Kim S H, Yang Y C
Hansol Biotechnology and Protein Function Research Unit, Korea Research Institute of Bioscience & Biotechnology, KIST, South Korea.
Biochem Biophys Res Commun. 1996 Dec 13;229(2):577-81. doi: 10.1006/bbrc.1996.1846.

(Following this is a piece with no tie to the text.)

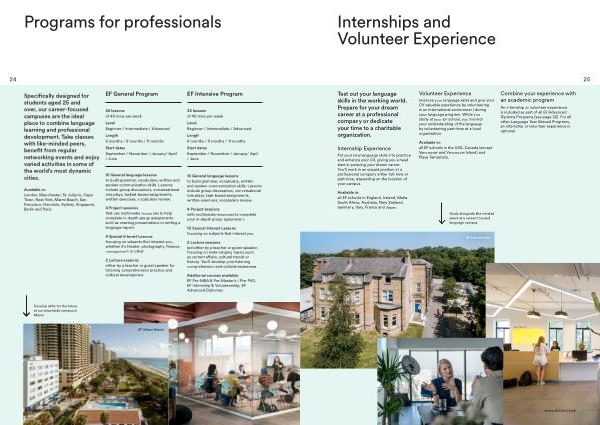 An internship or volunteer experience is included as part of all EF Advanced Diploma Programs ( see page 22 ). For all other Language Year Abroad Programs , an internship or volunteer experience is optional .
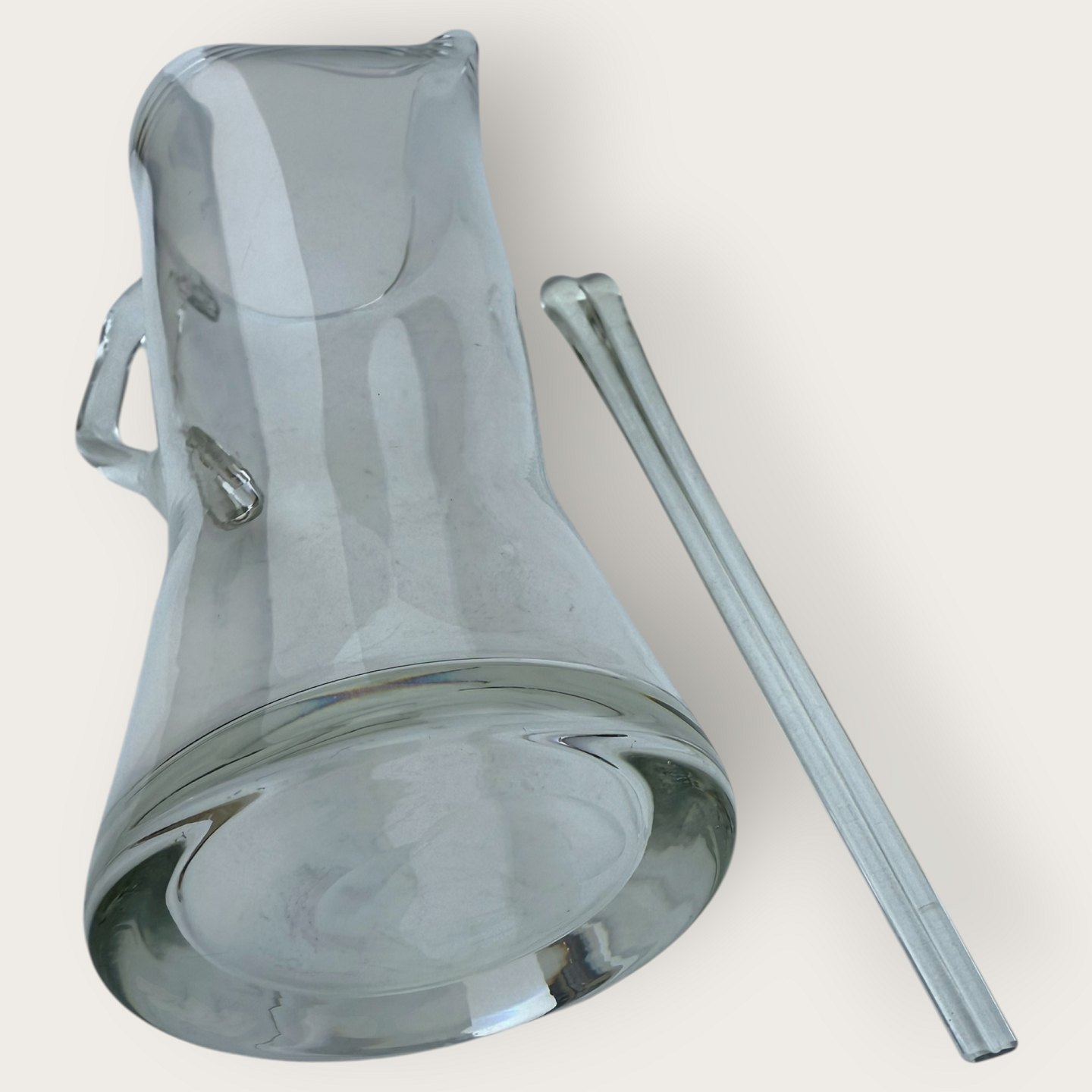 Glaskande med rørepind, Cocktail kande, Højde 28cm, bredde ved hank 16cm * pæn stand*Lager: 1

The possible formation of a stable complex between extracellular signal-regulated kinases (ERKs) and Raf protein kinases was investigated in an attempt to understand the molecular mechanism by which Raf protein kinases were differentially regulated in response to the various stimuli, leading to the activation of ERKs in rat hippocampus. ERK3 was found to coelute with B-Raf, but not c-Raf1, after fractionation of rat hippocampal lysates by QMA anionic exchange chromatography. ERK3 was released into soluble supernatant fraction from the B-Raf, but not c-Raf1, immunoprecipitate, after incubation with ATP. These results, taken together, suggest the specific association of ERK3 with B-Raf in rat hippocampus.
为了理解Raf蛋白激酶在各种刺激下如何被差异调节从而导致大鼠海马体中细胞外信号调节激酶(ERK)激活的分子机制,研究了细胞外信号调节激酶(ERK)与Raf蛋白激酶之间可能形成的稳定复合物。在用QMA阴离子交换色谱法分离大鼠海马体裂解物后,发现ERK3与B-Raf共洗脱,但不与c-Raf1共洗脱。与ATP孵育后,ERK3从B-Raf免疫沉淀复合物中释放到可溶性上清液组分中,而不是从c-Raf1免疫沉淀复合物中释放。综合这些结果,表明在大鼠海马体中ERK3与B-Raf存在特异性结合。